As the names explain, you will get an iterator to the symbols in the block. As the number of repair symbols can vary, for now you get two separate begin/ends,
so that you can check when you sent the source symbols, and how many repair symbols you send.


\subsubsection{Symbols}
\index{Symbols!C++}
Finally, through the \textit{Symbol\_Iterator} \textit{Input Iterator} we get the \textbf{Symbol} class:
\begin{verbatim}
template <typename Rnd_It, typename Out_It>
class Symbol
\end{verbatim}

which exposes the 2 methods we need to get the symbol data:

\begin{description}
\item[operator*]\textbf{Input:Out\_It \&start, const Out\_It end}\\
\textbf{return: uint64\_t}\\
takes an output iterator, and fill it with the symbol data. returns the number of written iterators.
\item[id()]\textbf{return: uint32\_t}\\
return the id (\textit{$sbn + esi$}) of this symbol, that you need to include in every packet you send, before the symbols.
\end{description}

\subsection{The Decoder}
\index{Decoder!C++}

The decoder is a bit simpler than the encoder.

Theere are two constructors for the Decoder:

\begin{verbbox}[\small]
 std::vector<uint32_t> input, output;
 ...
 using T_it = typename std::vector<uint32_t>::iterator;
 RaptorQ::Decoder<T_it, T_it> dec (const OTI_Common_Data common,
                          const OTI_Scheme_Specific_Data scheme)
                              
 RaptorQ::Decoder<T_it, T_it> dec (uint64_t size,
              uint16_t symbol_size,  uint16_t sub_blocks,
                                                   uint8_t blocks)
\end{verbbox}
\theverbbox

Which should be pretty self-explanatory, once you understand how the encoder works.

The remaining methods are:
\begin{description}
\item[decode]\textbf{Input: Out\_It \&start, const Out\_It end}\\
\textbf{return:uint32\_t}\\
Write \textbf{all} the blocks into the iterator. refuses to write if the input has not been completely received.
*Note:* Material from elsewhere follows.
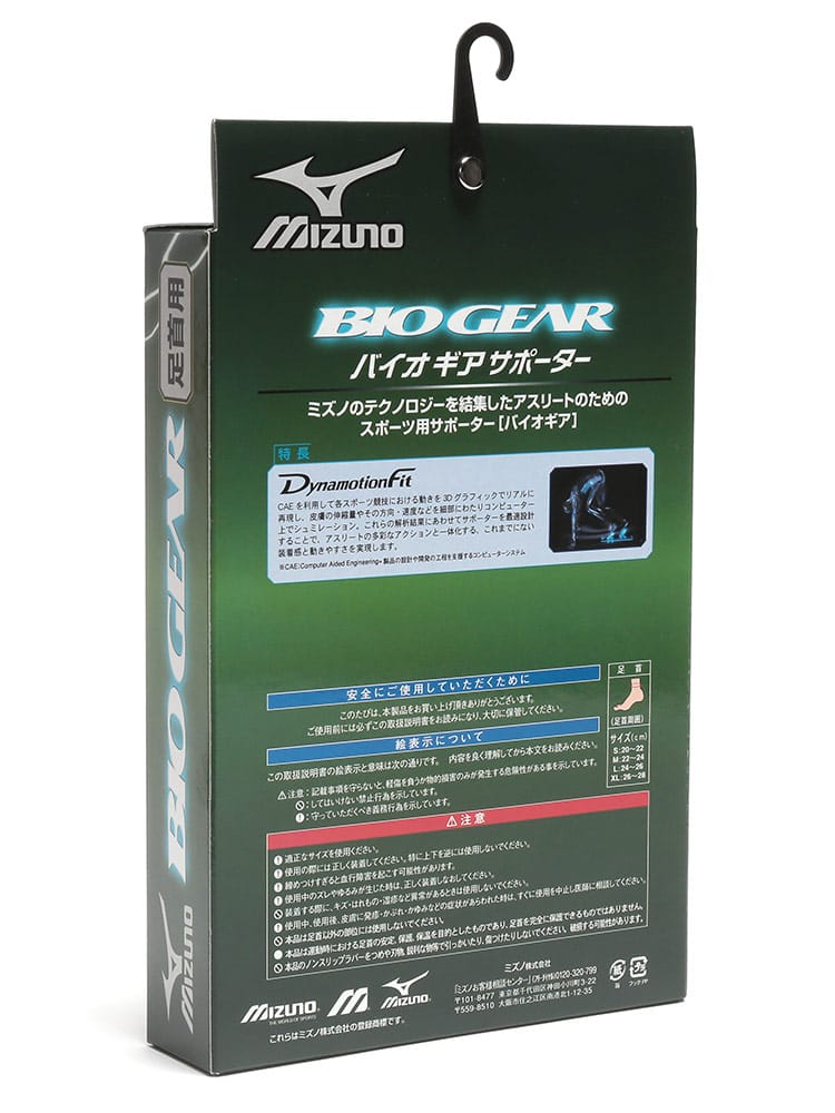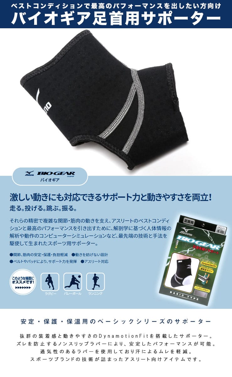 ミズノのテクノロジーを結集したアスリートのためのスポーツ用サポーター「バイオギア」。フィット感に優れ、ズレにくいDynamotionFit。通気性に優れ軽量な通気性ラバー。内部の一部にはズレにくいノンスリップラバーを使用。左右兼用で一枚入り。

Return the number of iterators written.

\item[decode]\textbf{Input: Out\_It \&start, const Out\_It end, const uint8\_t sbn}\\
\textbf{return:uint32\_t}\\
Write a specific block into the iterator. Refuses to write if the input for that block has not been completely received.

\item[add\_symbol]\textbf{In\_It \&start, const In\_It end, const uint32\_t esi, const uint8\_t sbn}\\
\textbf{return: bool}\\
Add one symbol, while explicitly specifying the symbol id and the block id.

\item[add\_symbol]\textbf{In\_It \&start, const In\_It end, const uint32\_t id}\\
\textbf{return: bool}\\
Same as before, but extract the block id and the symbol id from the \textit{id} parameter

\item[free]\textbf{Input: const uint8\_t sbn}\\
\textbf{return: void}\\
You might have stopped using a block, but the memory is still there. free it.

\item[blocks()] \textbf{return: uint8\_t} The number of blocks.

\item[block\_size()] \textbf{Input: const uint8\_t sbn}\\
\textbf{return: uint32\_t}\\
The block size, in bytes. Each block can have different symbols and thus different size.

\item[symbol\_size()] \textbf{return: uint16\_t} The size of a symbol.

\item[symbols] \textbf{Input:uint8\_t sbn}\\
\textbf{return: uint16\_t}\\
The number of symbols in a specific block. different blocks can have different symbols.